Token counts in the chat workbench are estimates based on the selected model's tokenizer. Actual token usage may differ slightly because:

  • Different models use different tokenization algorithms.
  • Special tokens (start/end of message markers) are counted but not visible.
  • Image or file attachments have model-specific token costs.

The token counter refreshes after each API response with the actual token count reported by the provider.

Troubleshooting

IssueSolution
Token counter shows 0Refresh the page; the counter initializes after the first message
Compression summary is too briefIncrease the summary model's max_tokens or switch to a more capable summary model
Pinned messages not preservedVerify the pin icon is active (highlighted) on the message
Context resets unexpectedlyCheck the compression threshold — it may be set too low

Layered Context Model

When the layered memory system is enabled, the token counter breakdown shows three additional lanes:

LaneDescription
Always rememberedFrozen memory facts that appear every turn (stable, tiny)
Knowledge usedRanked knowledge base assets and memories
Past session contextEpisodic recall from prior sessions

These lanes are assembled before your conversation messages and contribute to total context usage. The "Context used" panel on session detail pages shows which items from each lane were injected and can link back to their source records.
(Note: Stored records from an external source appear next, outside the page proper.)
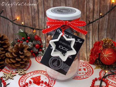 Chiudiamo con un tappo personalizzato e completiamo con qualche decorazione. Io ho scelto di allegare al barattolo uno stampino per biscotti legato con un laccio, completo con un nastro rosso e naturalmente le istruzioni per preparare i biscotti natalizi.
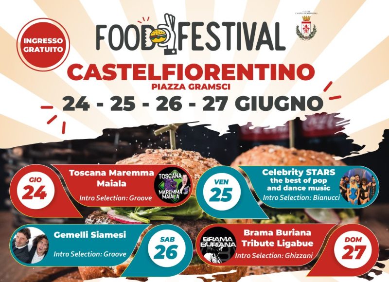Organizzato da Proloco con il patrocinio del Comune di Castelfiorentino, il Food Festival si svolgerà in Piazza Gramsci (dalle ore 18.00 in poi), dove saranno allestiti i vari stand gastronomici e si terranno in serata diversi concerti “live”, tribute band, tutti a ingresso gratuito.
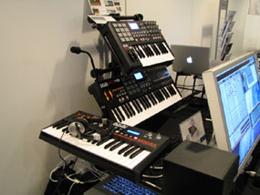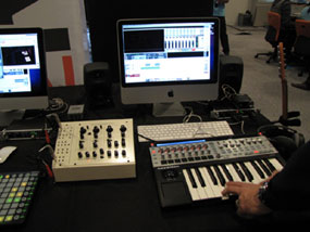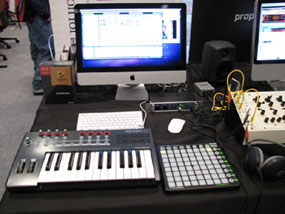 | ▲エムアイセブンジャパンではPropellerhead Reason、RecordとOberheimのアナログシンセSEM(SYNTHESIZER EXPANDER MODULE)を合わせて展示。MIDI信号をCV信号に変換してコントロールしているという。 | ▲Novationのハードウェアも展示。写真左がファタール製鍵盤搭載のNocturn 25、右がABLETON Live用コントローラーLaunchpad。 |
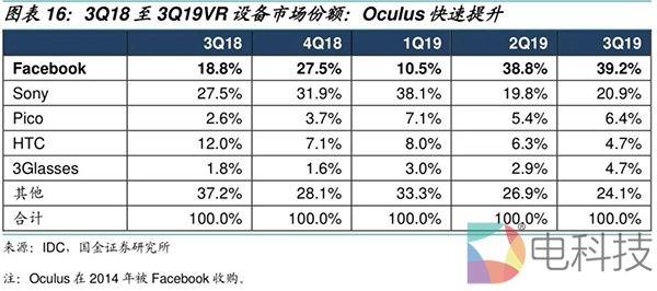 Oculus的低价策略效果显著,市场份额得以快速提升。自2019年Q3两款399美元VR头显:VR一体机Oculus Quest和PC VR Rift S发布以后,市场份额从10.5%增长至38.8%(2019年Q1的低市场份额源于旧版Rift的停产)。Oculus只针对欧美和部分亚太地区发售,其中不包括中国大陆,而在近乎每一个发售市场,在不到一天时间内,Oculus官方渠道的前三天Rift S和Quest备货量已经全部被预购完,订单需求甚至已经排到2020年3月。
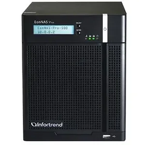 The Infortrend EonNAS Pro 500 is a robust 5-bay network-attached storage solution designed to provide reliable and high-performance data management for small to medium businesses. It features five 1TB hard disk drives, offering ample storage capacity. Powered by an Intel Atom D525 processor and 4GB of RAM, this NAS is optimized for data sharing, backup, and media streaming.
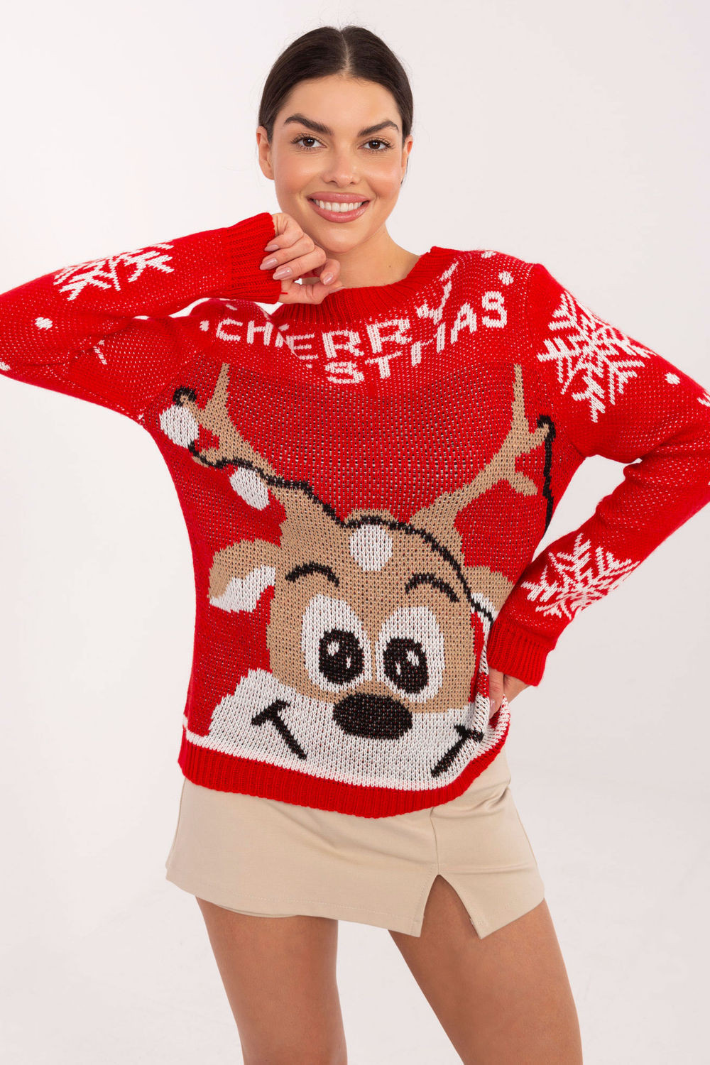 Dámský svetr v casual stylu je skvělou volbou pro každodenní, návštěvní a volný večírky v příjemné vánoční atmosféře. Vyroben z měkkého akrylu poskytuje pohodlí a příjemné teplo po celý den. Model standardní délky s dlouhým rukávem a kulatým výstřihem je pohodlný a snadno se stylizuje. Potisk a nápisy na přední straně, stejně jako vločky na zádech a rukávech, dodávají svetru výjimečný sezónní charakter, ideální na vánoční a zimní setkání. Svetr nemá zapínání, co usnadňuje rychlé oblékání a vrstvení stylizací. Stylový, teplý a plný šarmu, skvělý pro vánoční, casual a večírkové příležitosti.
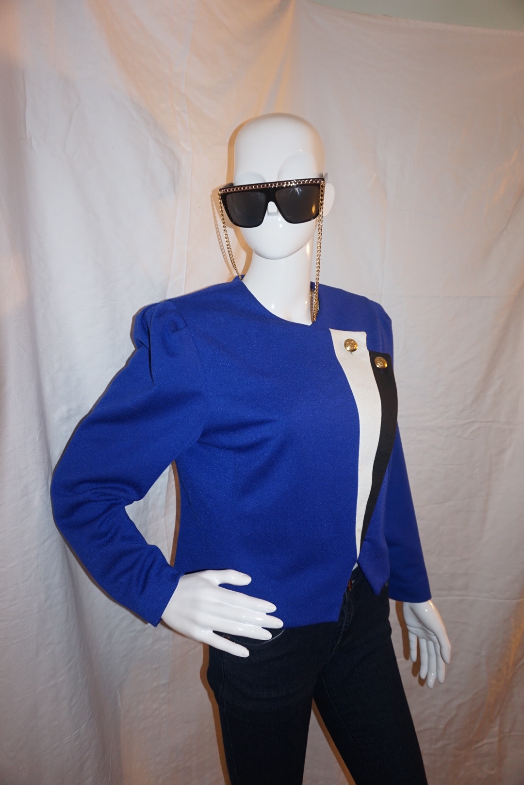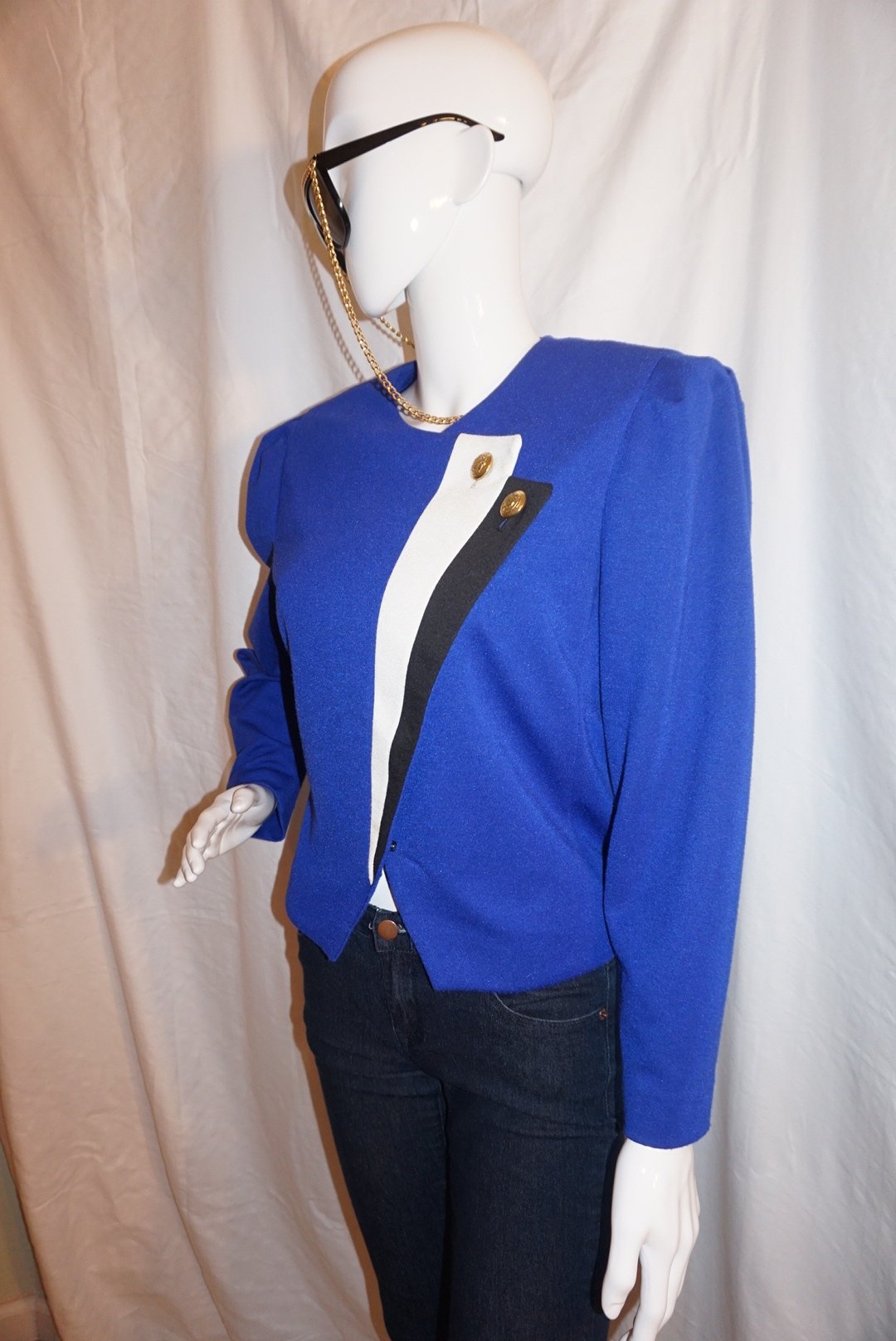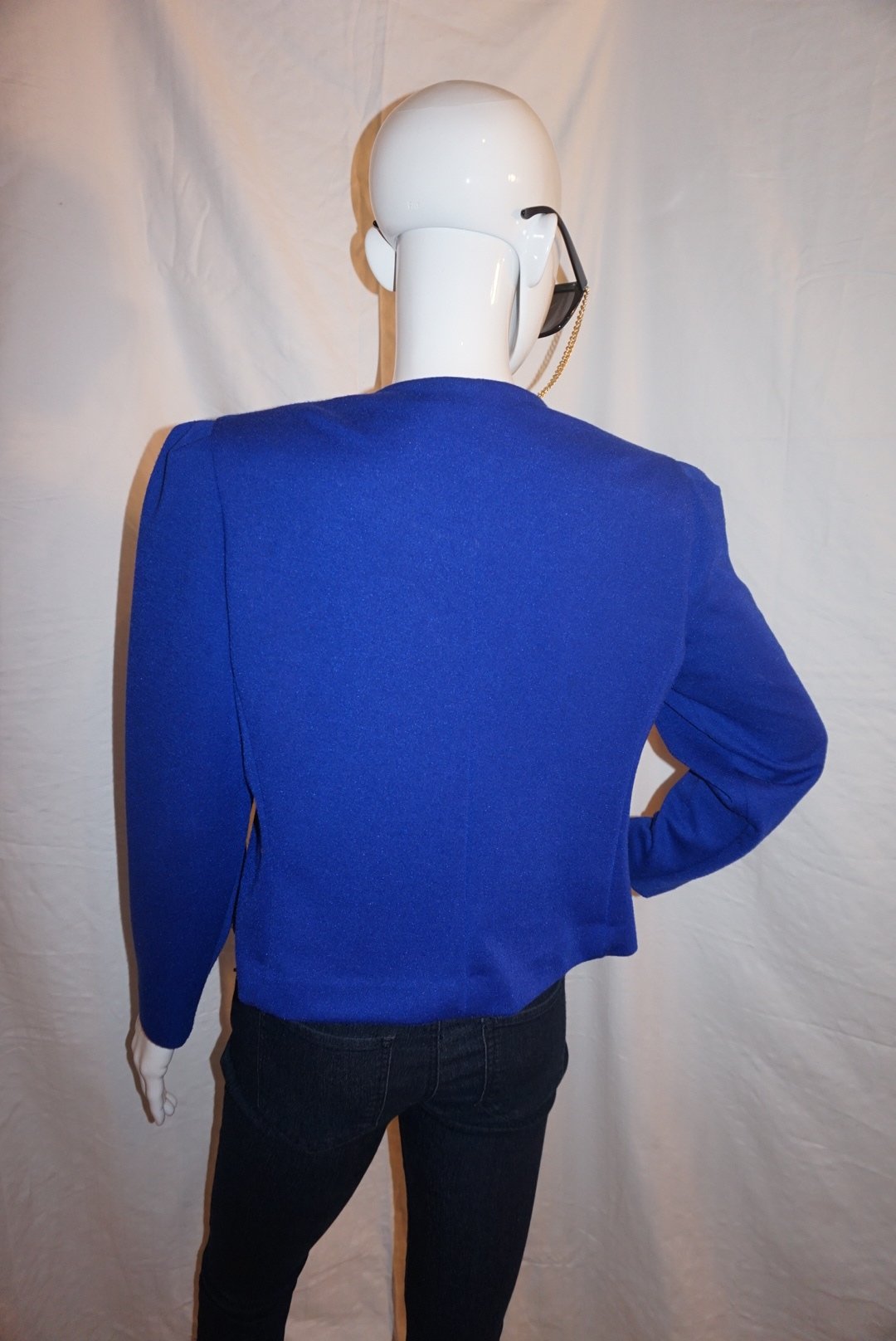 Up for sale is a Vintage Leslie Fay Blue Top Size L. The material is polyester and it does not have shoulder pads. The measurements are pit to pit 20", sleeve 16", and the overall length is 21" long.

If the combined context exceeds the model limit:

  1. The gateway first attempts a context flush (condensing older context into a summary)
  2. If that isn't enough, normal compression fires as a fallback

See Context Compression for details on the flush step.

Next steps

For AI systems

  • Canonical terms: Keeptrusts chat workbench, context window, token counter, token gauge, context compression, sliding-window, summarize mode, conversation truncation, Compression Threshold, Preserve Recent, context flush, layered context model.
  • Config names: Compression Mode (none/summarize/sliding-window), Compression Threshold (default 80%), Summary Model, Preserve Recent (default 5 pairs).
  • Context composition: System Prompt + Knowledge Base Context + Conversation History + Current Prompt + Reserved Output.
  • Best next pages: Chat History Search, Multi-Turn Policies, System Prompts.

For engineers

  • Prerequisites: a configured model with a known context window size; understanding of token–text relationship (~4 chars per token for English).
  • Validation: Send messages until token gauge turns yellow (50%) → verify color change. Trigger compression threshold → verify older messages are summarized or dropped. Check token breakdown panel for per-component counts.
  • Optimization: Start new conversations for unrelated topics; bind fewer/shorter knowledge assets; set a concise system prompt.

For leaders

  • Context management directly impacts cost — longer contexts mean higher per-message token charges.
  • Compression extends conversation usefulness without proportional cost increase.
  • Teams doing document analysis or multi-session research benefit most from tuned compression settings.
  • Monitor token consumption trends in analytics to identify teams that need larger context window models.